In recent years, some models were presented to study the trotting, bounding, and galloping gait of quadruped robot. The spring loaded inverted pendulum (SLIP) model was suitable to study the hopping of one-legged robot [1, 2], bipedal running of human [35], and trotting of quadruped robot [6, 7]. Meanwhile, the studying of SLIP model was a fundamental work for other models of the quadruped robot. The planar model consisted of a rigid body and four springy massless legs was derived from the SLIP [8]. Many bounding [912] and galloping [7, 13] gaits were achieved in simulation or experiment environments based on the beam and springy leg (BSL) model.

The stability was an important property of locomotion, since the stability could ensure the quadruped robot form a successive locomotion. Most of the authors studied the motion stability of quadruped robot by employing the Poincaré return map (PRM) based on the Newton-Raphson method [10, 11, 1416]. The PRM method was designed to search for a group of initial values for maintaining a stable cyclic motion through solving the dynamic equation of the quadruped robot. If the selected initial values were not able to maintain a steady-state bounding or galloping, another group of initial values was used to solve the dynamic equation to judge whether the locomotion was stable or not. The procedures above were repeated until the desired stable locomotion was achieved. Ultimately, many stable cyclic motions would be achieved by the same mechanical parameters of robot. Due to the difficulty in hand-tuning multiple parameters, the optimization algorithm was chosen to search for the initial values when the system was passive [14, 17] or was used to design the control parameters when the system was controlled [1820]. From the analysis of the PRM method, the passive dynamic bounding and galloping gait were achieved by cut and try. The necessary and sufficient conditions of the stability during the stride were not concerned when using the PRM method. Therefore, the dynamic stability inside the stride was an elusive issue for being not studied elaborately.

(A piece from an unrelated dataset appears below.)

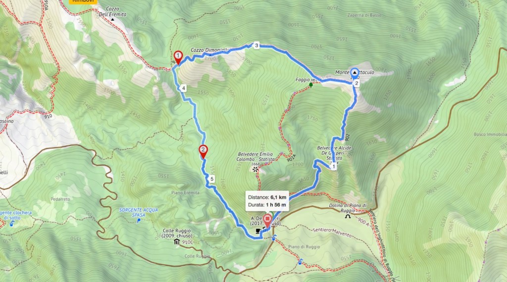Si prosegue senza sentiero apparente nel bosco, fino a Cozzo Dimoniello. Altro punto panoramico. Da qui si incrocia un sentiero sempre nel bosco che ci riporterà a rifugio De Gasperi.

Meanwhile, other authors also focused on achieving the stable bounding or galloping gait by control strategies. Marhefka et al. [13] presented a fuzzy control strategy for the high-speed quadruped bounding and galloping. The fuzzy logic controller was able to search for the touchdown angles and the thrusts of legs by tracking the desired running height and the desired velocity of a quadruped robot in one stride. Finally, the galloping gait was stabilized by the fuzzy logic controller with the planar BSL model. Krasny and Orin [18] realized a 3D galloping gait of a small dog with the finite state machine. The controller adjusted the rest position of leg spring to match the designed energy of each leg when it was at the maximum compression. The control algorithm could stabilize the pitching motion and the vertical displacement of center of mass (COM) which were considered to be the two key indicators of the stability in the sagittal plane. Seyfarth et al. [21] presented a movement criterion for running. They concluded that the mechanical self-stabilized running would be achieved by adjusting the leg stiffness for a certain attack angle. At last, the stable running was realized for a SLIP model by the PRM method. Herr and McMahon [22] employed a ‘hip thrusting and shoulder braking’ method to ensure the pitching stability and realized a stable galloping gait of a horse. Designing a control strategy could attain stable running including the trotting, bounding, and galloping gait. However, the dynamic balance conditions were not analyzed elaborately. Hence, a necessary and sufficient condition must be proposed for judging the stability of the quadruped robot.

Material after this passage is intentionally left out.